Hacker Newsnew | past | comments | ask | show | jobs | submitlogin

I guess, if you want to know what your code will be doing when executed, don't use C (and don't even dream of C++).

Those are reserved for people who value speed over correctness.



False. Like for any language, C and C++ programmers (should) put very high value on correctness. Incorrect code can be written in safe languages too, but clearly C/C++ make it much easier to kill your program spectacularly. Discipline, knowledge, and tools are required to work in C/C++.


Not just kill your program spectacularly - in memory unsafe languages, simple logic errors turn in to remote code execution.


The usual statement.

First time I heard it was about 1993.


That doesn't mean it's not true though? People habe been claiming the earth is round since 500 BC, yet it's still as true as ever.


In this case the CVE database records history proves otherwise.


No, just have some basic knowledge about how your compiler works and make decisions accordingly. Every major compiler lets the programmer specify exactly the tradeoffs you want. C/C++ simply don't hold your hand by default and let you get the best (reasonably possible) performance if you so desire. That's exactly the way it should be.


No, just use a compiler that doesn't actively attempt to malicously sabotage you. C has perfecly well defined semantics for (eg) null pointer dereference: read or write memory location zero, and consequently probably crash. Not "silently rewrite the pointer to nonzero-but-still-pointing-at-address-zero-somehow and proceed to bypass subsequent sanity checks for no damn reason".


Perfect example of the mismatch between (some) programmers' expectations and what language standards and/compilers require/implement.

> C has perfecly well defined semantics for (eg) null pointer dereference: read or write memory location zero, and consequently probably crash.

C does have "perfectly well-defined semantics" for null pointer dereference, but it's undefined behavior. Sure, the null pointer happens to be 0 on the vast majority of architectures most programmers work with, but apparently non-zero null pointers are still used these days (at least in the admgcn LLVM target, from what I understand after a quick glance at the linked page), so it's not even a "all sane modern machines" thing [0].

In any case, I'd love to see some good benchmarks showing the effect of the more "controversial" optimizations. Compiler writers say they're important, people who don't like these optimizations tend to say that they don't make a significant difference. I don't really feel comfortable taking a side until I at least see what these optimizations enable (or fail to enable). I lean towards agreeing with the compiler writers, but perhaps that's because I haven't been bitten by one of these bugs yet...

    [0]: https://reviews.llvm.org/D26196


The compiler writers are right in the sense that for every one of those optimizations you can have a microbenchmark that will benefit hugely. The opponents are right too, in the sense that for most codebases the more niche optimizations don't matter at all. The right answer, as always, is to take a particular case you actually care about and benchmark yourself. There are no benchmarks that would be generally representative, there is no meaningful "average case".

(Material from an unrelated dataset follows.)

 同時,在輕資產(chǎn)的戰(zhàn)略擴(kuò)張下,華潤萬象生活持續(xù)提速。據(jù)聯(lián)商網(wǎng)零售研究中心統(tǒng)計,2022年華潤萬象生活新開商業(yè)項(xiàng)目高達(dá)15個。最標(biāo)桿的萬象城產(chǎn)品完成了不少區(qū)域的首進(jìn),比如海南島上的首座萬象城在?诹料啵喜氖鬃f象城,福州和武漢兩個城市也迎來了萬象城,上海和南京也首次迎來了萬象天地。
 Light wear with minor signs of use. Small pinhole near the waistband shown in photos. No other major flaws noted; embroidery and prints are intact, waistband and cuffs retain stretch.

Personally, I mostly use C/C++ for fairly high performance numerical code and happen to benefit greatly from all the "unsafe" stuff, including optimizations only enabled by compilers taking advantage of undefined behavior. I'm therefore naturally inclined to strongly oppose any attempts to eliminate undefined behavior from the language standards. At the same time, however, I fully recognize that most people would probably benefit from a safer set of compiler defaults (as well as actually reading the compiler manuals once in a while) or even using languages with more restrictive semantics. Ultimately, there is no free lunch and performance doesn't come without its costs.


> C has perfecly well defined semantics for (eg) null pointer dereference: read or write memory location zero, and consequently probably crash.

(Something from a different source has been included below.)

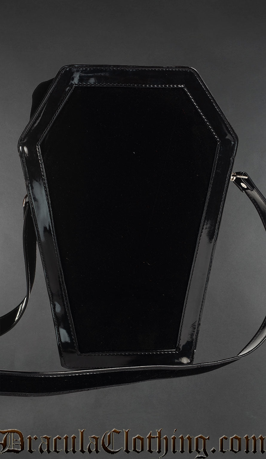It has black velvet fabric with PVC details, with one big compartment and one small compartment inside.
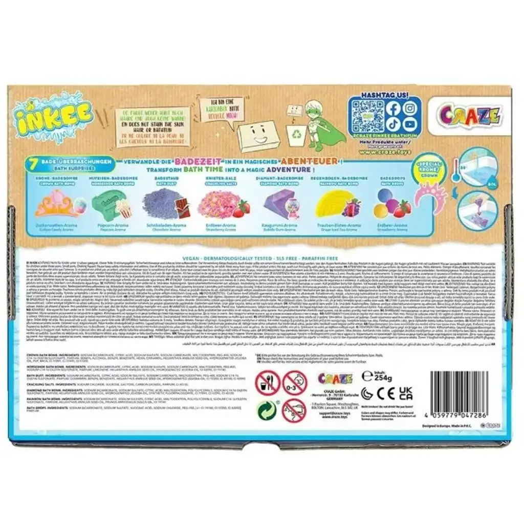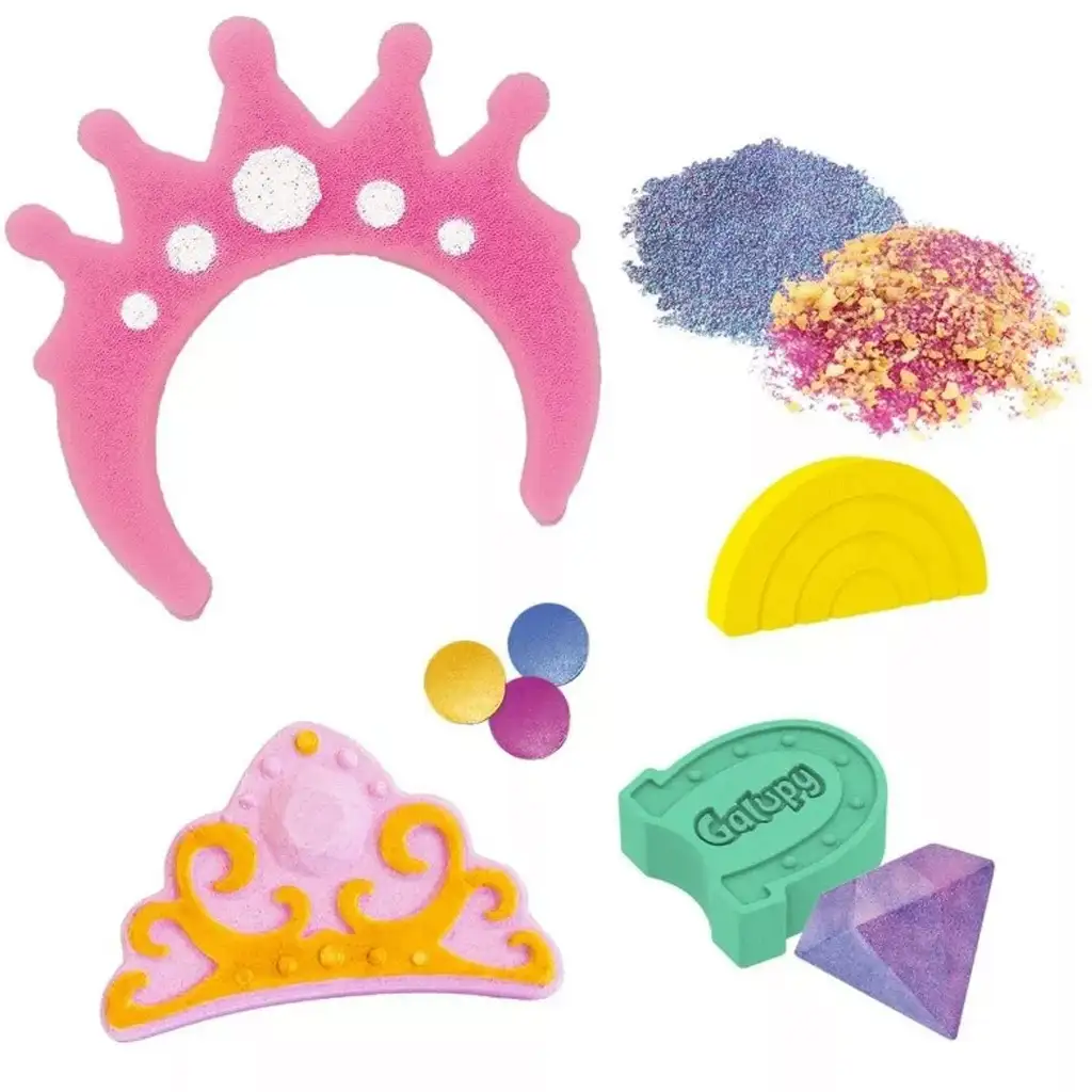 V balení nájdete 7 rôznych kúpeľových prekvapení, vrátane kúpeľovej bomby s vôňou cukríkov, praskajúcej kúpeľovej soli s jahodovou arómou, ovocných kúpeľových perál, dúhového kúpeľového plátu a mnoho ďalších! Každý kus so svojím jedinečným tvarom, farbou a vôňou premení večerné kúpanie na skutočný zážitok. Špeciálnym doplnkom sady je zlatá koruna, s ktorou sa deti môžu cítiť ako skutočné kúpeľové princezné alebo princovia!

... no, C explicitely has no well defined semantics since it's undefined behaviour. You may believe that C do due to habit but that's not the case.


No, C explicitly does not define semantics; it still has them, because the underlying hardware and ABI provides them, whether the C standard likes it or not. That's the point: if the compiler isn't actively sabotaging you, you end up with the semantics of the macine code you're compiling to, and can benefit from obvious sanity checks like not mapping anything at address zero.


There is a difference between implementation defined and undefined. Dereferencing a null pointer is undefined and cannot be performed in a well-formed program. Implementation specified behavior (e.g. sizeof(void *)) is dependent on the hardware and ABI.


This is, those semantics you state as defined don't translate into portable C code, not even between compiler versions on the same platform.


> it still has them, because the underlying hardware and ABI provides them,

when you program in C you program against the C abstract machine, not against a particular hardware.


If you are dereferencing a null pointer, you're doing something undefined. Your contract with the compiler was that it would produce valid code as long as you stayed within the confines of C. Thus you cannot blame the compiler for automatically assuming that you're not doing anything wrong, because that's explicitly the instructions it was given.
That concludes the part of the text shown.